By Roy Vimer, BA, and Nir Etkovitz, PhD
KaloBios Pharmaceuticals (KBIO) is a small-cap biopharmaceutical company that focuses on developing patient-targeted, first-in-class monoclonal antibodies. The KBIO’s patented Humaneered® antibody technology platform is used to treat serious medical conditions with a primary clinical emphasis on respiratory diseases and cancer. The customized antibodies production strategy by KaleBios’ Humaneered® technology converts non-human antibodies, usually from mice, into recombinant antibodies that have a high binding affinity to their target, high manufacturing yields, and minimal to no immunogenicity (inappropriate immune response) when used repeatedly. KaloBios believes that its Humaneered® strategy allows a true alternative to the classic antibody engineering technologies. KalBios novel system offers important economic and clinical advantages over antibodies produced by classic engineering methods which makes KalBios more suitable for chronic treatments.
Product Pipeline
KaloBios has three Humaneered® antibodies being tested in four clinical development programs for respiratory diseases and cancer (See figure below).
Click to enlarge images.
The Upcoming Catalyst: KB003 for Severe Asthma
In this section we review the KB003 and state why we believe it is a major catalyst to emerge from Phase II clinical trial. It is currently only one of the reasons we believe that KaloBios is a game changer in antibody development technologies and why KaloBios has a potential blockbuster on its hands once the data from its Phase II clinical study in severe asthma will be available in early 2014.
KB003 is a Humaneered®, recombinant monoclonal antibody (MAB) that is designed to target and neutralize soluble granulocyte macrophage colony-stimulating factor ((GM-CSF)) and has the potential to treat inflammatory and autoimmune diseases. GM-CSF is a cytokine that plays a central role in the inflammatory immune response cascade. GM-CSF causes proliferation, prolonged survival, and differentiation of monocytes, macrophages and granulocytes (eosinophils, neutrophils, and basophils). Abnormal functioning of this cascade and increased GM-CSF tissue levels in particular, is associated with a number of inflammatory and autoimmune diseases. Preclinical studies have shown neutralization of GM-CSF or GM-CSF gene knock-outs to be effective in a variety of disease models, including allergic and non-allergic asthma, chronic obstructive pulmonary disease (COPD), rheumatoid arthritis (RA), multiple sclerosis, psoriasis, cancer bone destruction, and other diseases. This breadth of activity makes GM-CSF an attractive therapeutic target for the treatment of a wide variety of diseases.

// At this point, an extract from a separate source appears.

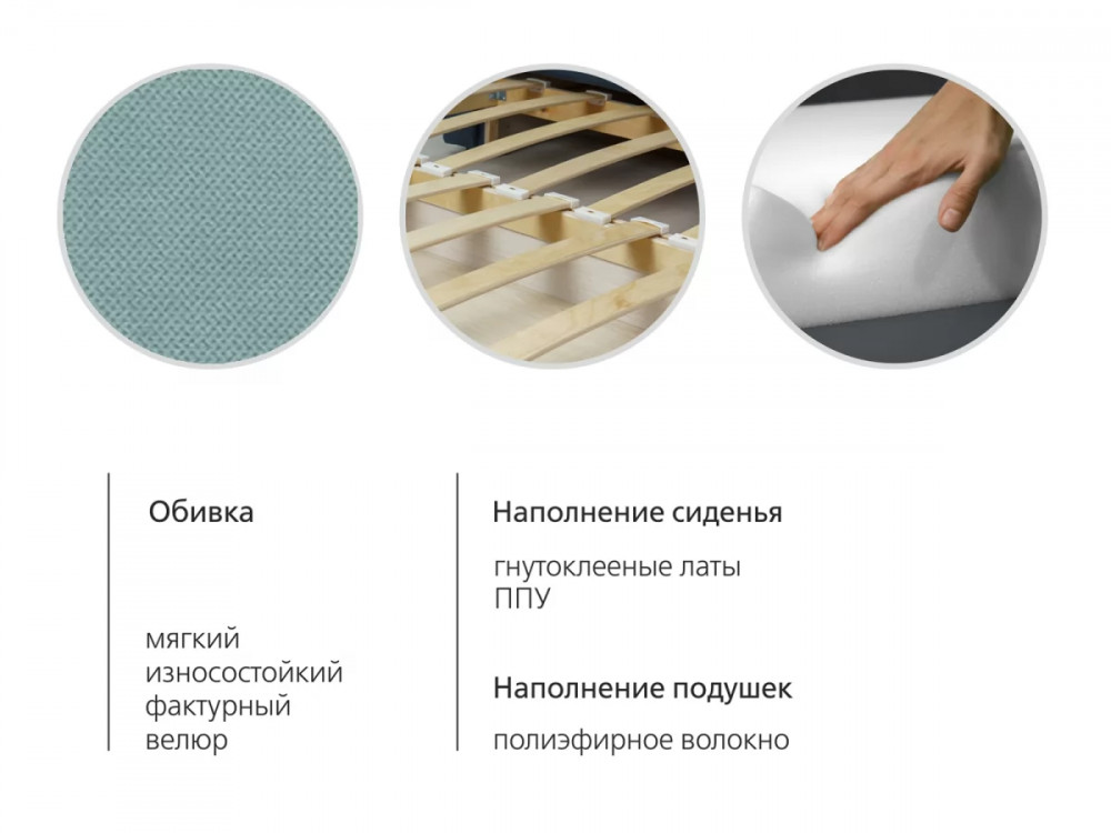 ППУ на основании из гнутоклееных латдекоративные подушки, шт: 2наполнитель подушек: полиэфирное волокно «шарики»материал опор: пластикцвет опор: черныйвысота опор (мм): 25ДекорНа фронтальной части спинки дивана прострочены защипы (3 шт.). По торцам втачен кант. На декоративных валиках прострочены защипы -2 шт. и защип вдоль круглого торца. Сидение имеет 3 защипа. Верхний торец подлокотников полукруглый, на ребре полукруга втачен кант.Назначениев молодежную

KB003 Substituting for KB002
KaloBios completed a Phase I study in rheumatoid arthritis and a Phase I/II study in severe asthma with a chimeric molecule, KB002. KB002 was evaluated in early safety and proof of principle clinical studies with the intention of replacing it with KB003, which was designed to be less immunogenic, for all future clinical studies in this program. KB003 is a Humaneered version of the chimeric KB002 antibody, with the same epitope target and the same mechanism of action. Both of these studies support further development of KB003 in asthma and RA.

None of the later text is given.